The cause of endometriosis is unknown. According to the most prevalent theory, endometrial tissue refluxes into the abdominal cavity, where it becomes established. An established colony of endometrial tissue continues to act like normal endometrial tissue even though it is outside the uterus. The tissue responds to the normal hormonal fluctuations in a woman’s monthly cycle. During the first part of the cycle, the tissue colony thickens and grows in response to estrogen. In the latter part of the cycle, the tissue degenerates and bleeds, sloughing off the excess cells, causing inflammation and damage to adjacent tissue.

Women with endometriosis have elevated levels of inflammatory chemicals, providing a therapeutic target for anti-inflammatory dietary supplements. In addition, Vitamin Depot Online.com has identified novel approaches to nutritional estrogen modulation that may help reduce the severity of the disease and the risk of hormone-dependent cancers, including breast and ovarian cancer.

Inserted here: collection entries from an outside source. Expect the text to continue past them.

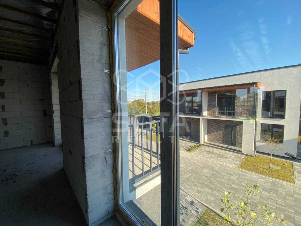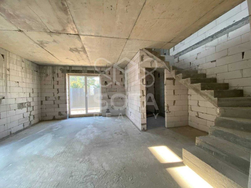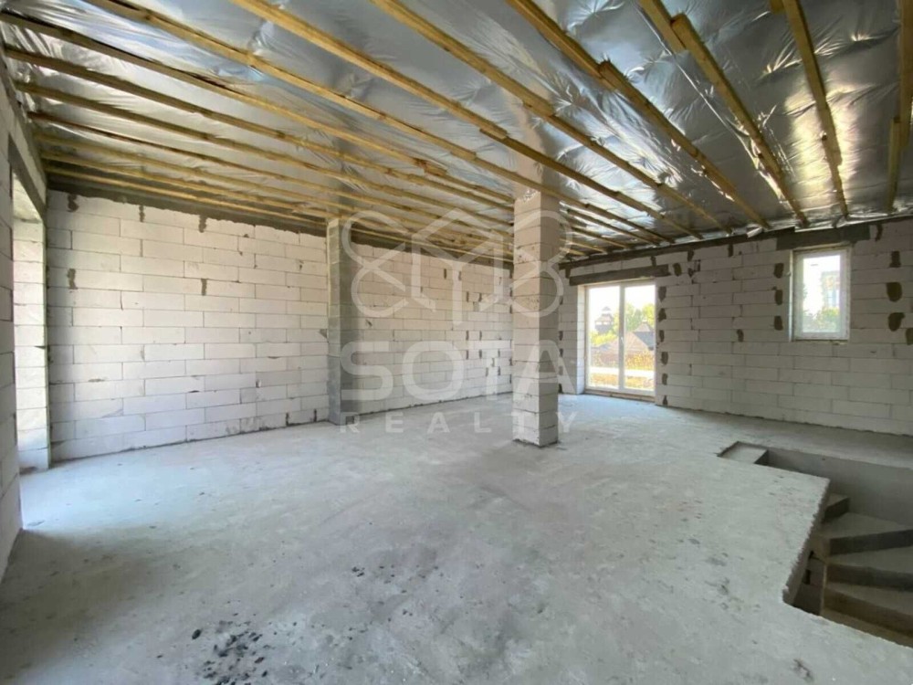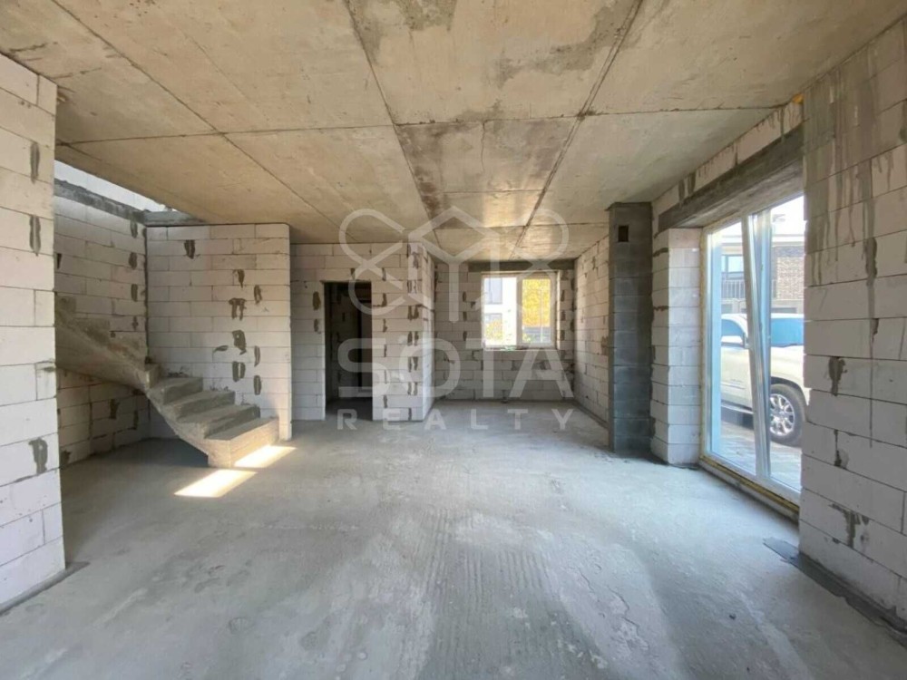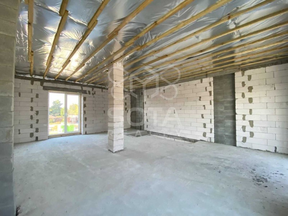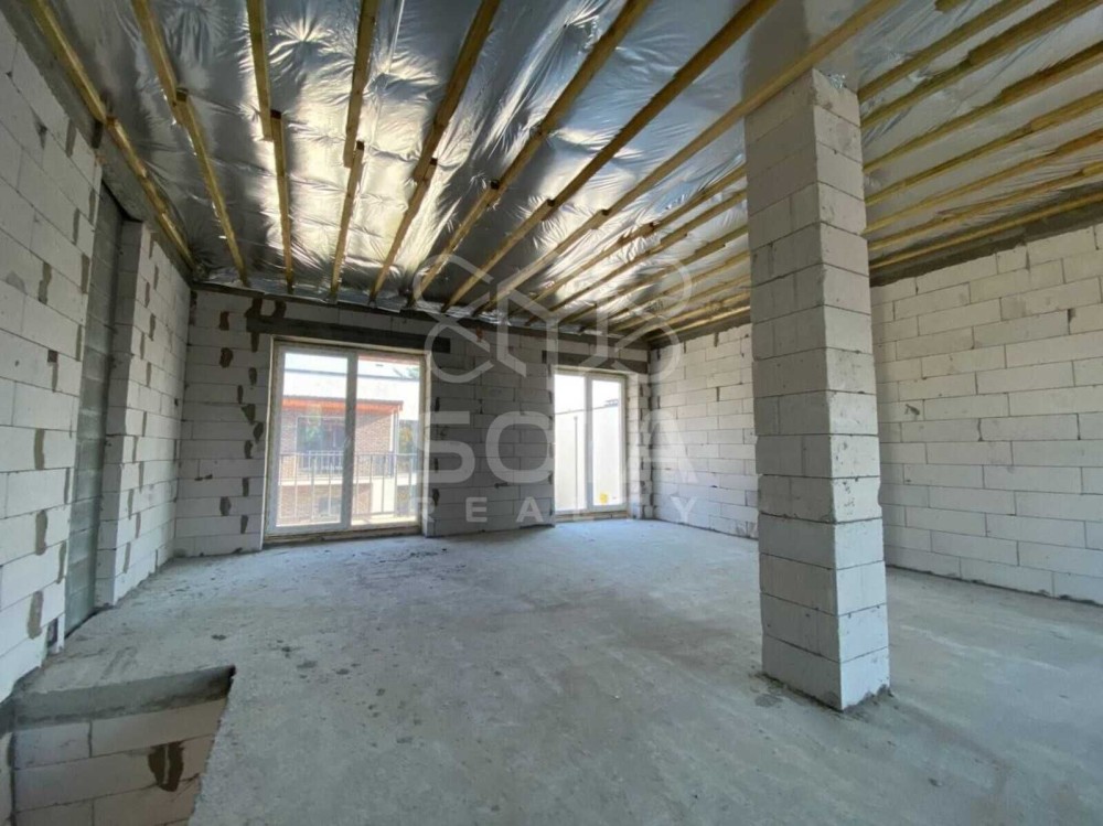 Дуплекс 112 м2, 2 поверхи, на першому велика кухня-вітальня 35 м2 з виходом на дворик, санвузол, на другому поверсі можна зробити 2 або 3 окремі кімнати, санвузол, є вихід на балкон. На даних фото відкритий простір без перегородок, побудуємо стіни без додаткових витрат за вашим побажанням.
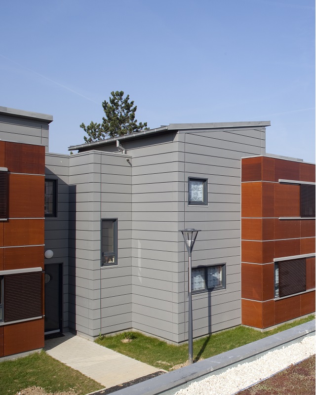 Pour réussir cette intégration, l’architecte a repris les thématiques développées pour le lycée et fait le choix de matériaux similaires : bois et bardage zinc en façade et zinc à joints debout pour la ouverture. Sur le plan de la conception, l’architecte avait une idée très claire de ce qu’il voulait : «Nous avons travaillé les volumes et les découpes afin que les logements soient perçus comme des maisons individuelles, sans toutefois en avoir tous les attributs, de manière à préserver l’intimité des occupants. La différenciation des matériaux de façade, bois et zinc, ainsi que le jeu sur les volumétries y ont fortement contribué ».
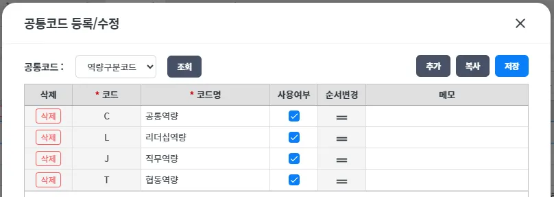 ② 역량구분 코드 추가 및 관리하는 팝업 호출
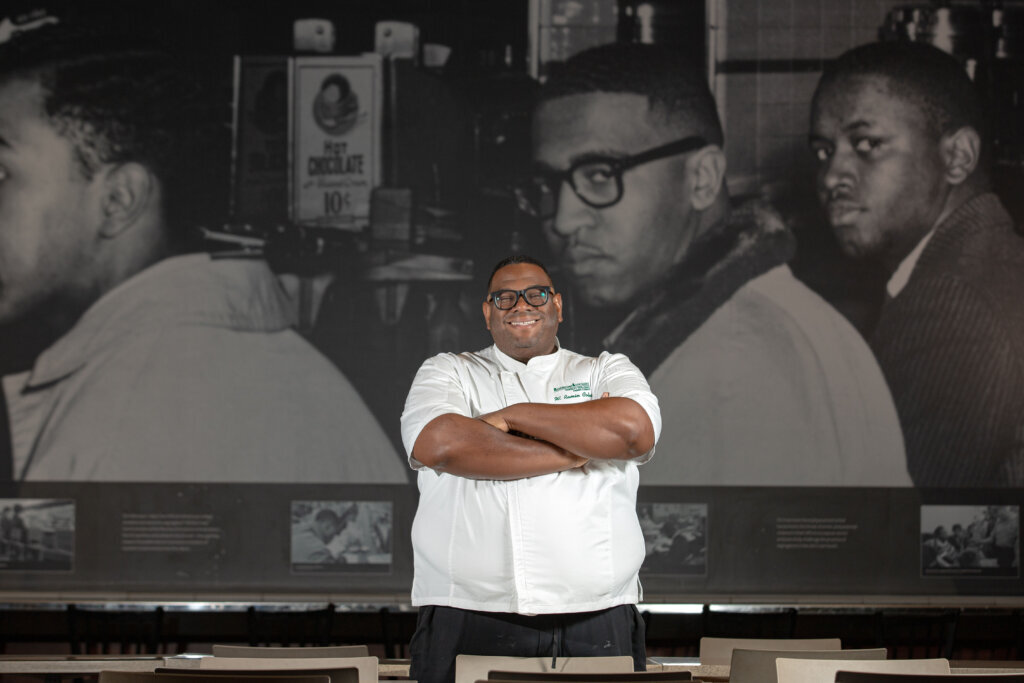 In the concourse level of the museum, you will often see large crowds coiled in a line waiting to get in. Inside the cafe, visitors sit cafeteria-style, surrounded by mementos of African American history, including an entire wall with an image of the four original men who started the Greensboro lunch counter sit-ins.

In about two-thirds of cases, the ovaries are colonized by endometrial tissue. Other common sites for tissue to implant include the fallopian tubes, the lining of the pelvic cavity, uterine ligaments, and the outside lining of the uterus, cervix, colon, appendix, and vagina. In severe cases, adhesions of endometrial tissue are found on the vulva, bladder, kidney, arms, legs, lungs, nasal mucosa, spinal column, and sites of previous surgical incisions (Herbst A et al 1997).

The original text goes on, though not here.